Here is my network topology for reference:
[External PC] xx.xx.xx.xx
|
| (WAN)
|
[VPS] yy.yy.yy.yy (Global IP) / 10.0.0.254 (WireGuard IP)
| iptables DNAT: yy.yy.yy.yy -> 10.0.0.2
|
| (WireGuard tunnel)
|
[GL-BE9300] 10.0.0.2 (WireGuard IP) / 192.168.60.254 (LAN IP)
| Port Forwarding: 10.0.0.2 -> 192.168.60.201
|
| (LAN)
|
[Server] 192.168.60.201
This specific topology may be required to reproduce the issue. The problem only manifests when an external PC accesses the server via DNAT on the VPS, through a WireGuard tunnel to the GL-BE9300, and then via port forwarding to the LAN server. Connecting directly from the VPS (10.0.0.254) works correctly, as the return packets naturally go back through the WireGuard tunnel without requiring the correct fwmark.

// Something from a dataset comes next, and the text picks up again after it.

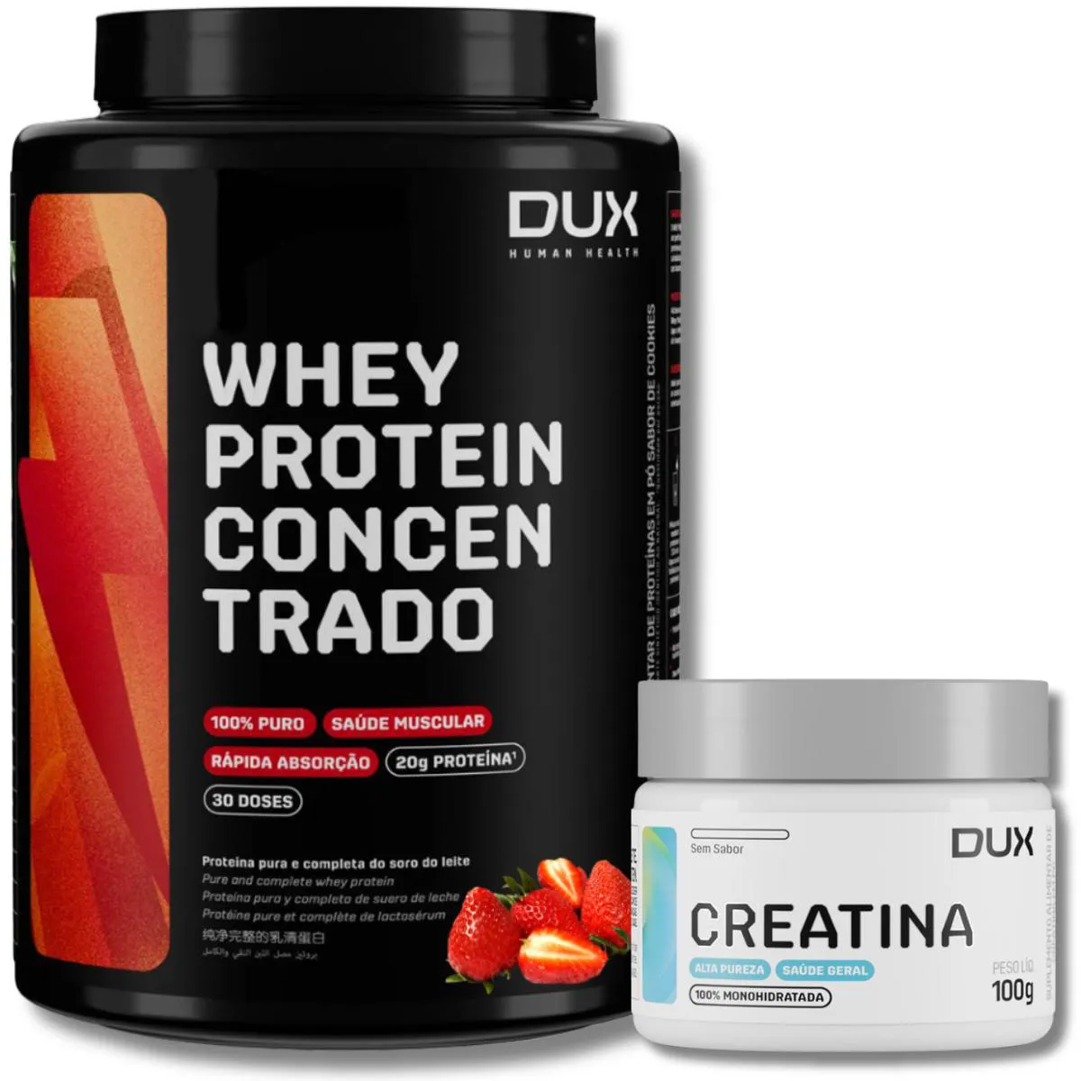 Kit Whey Protein Concentrado 900g Morango (sabor whey) + Creatina 100g Sem Sabor — Dux Human Health

With this setup, port forwarding works correctly when connecting directly from the VPS (10.0.0.254), but fails for the external PC (xx.xx.xx.xx) whose traffic is DNAT'd through the VPS. This is because the return packets need to be routed back via wgclient1, which requires the correct fwmark to be set.
I also analyzed how the conntrack mark is used in the routing process.

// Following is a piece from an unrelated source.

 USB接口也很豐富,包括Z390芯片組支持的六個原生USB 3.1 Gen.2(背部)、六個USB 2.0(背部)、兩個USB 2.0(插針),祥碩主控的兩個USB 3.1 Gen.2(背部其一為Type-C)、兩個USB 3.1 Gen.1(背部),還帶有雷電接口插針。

In v4.8.4, the following nftables rules exist to synchronize the conntrack mark (ctmark) with the packet mark (fwmark):
iifname "wgclient1" ... ct state new ct mark set ct mark & 0xffff1fff | 0x00001000 (wgclient1_in_new_connmark)
ct mark & 0x0000f000 != 0x00000000 jump mark_ct_to_meta
ct mark & 0x0000f000 == 0x00001000 meta mark set meta mark & 0xffff1fff | 0x00001000 (wgclient1_mark_ct_to_meta)
This means:
-
New connections from wgclient1 are assigned ctmark 0x1000
-
The mark_ct_to_meta chain propagates ctmark to fwmark
-
The ip rule fwmark 0x1000/0xf000 matches, and return packets are correctly routed via wgclient1
In v4.9.0, the conntrack mark observed was 0x10000 instead of 0x1000. Since the ip rule still uses fwmark 0x1000/0xf000, the mask 0xf000 applied to 0x10000 results in 0x0000, which does not match. Therefore, return packets are not routed via wgclient1 and go out via WAN instead, making the service unreachable from the external PC.
The issue appears to be that the port_forward kernel module in v4.9.0 is setting the conntrack mark to 0x10000 instead of 0x1000, breaking the routing for WireGuard client setups.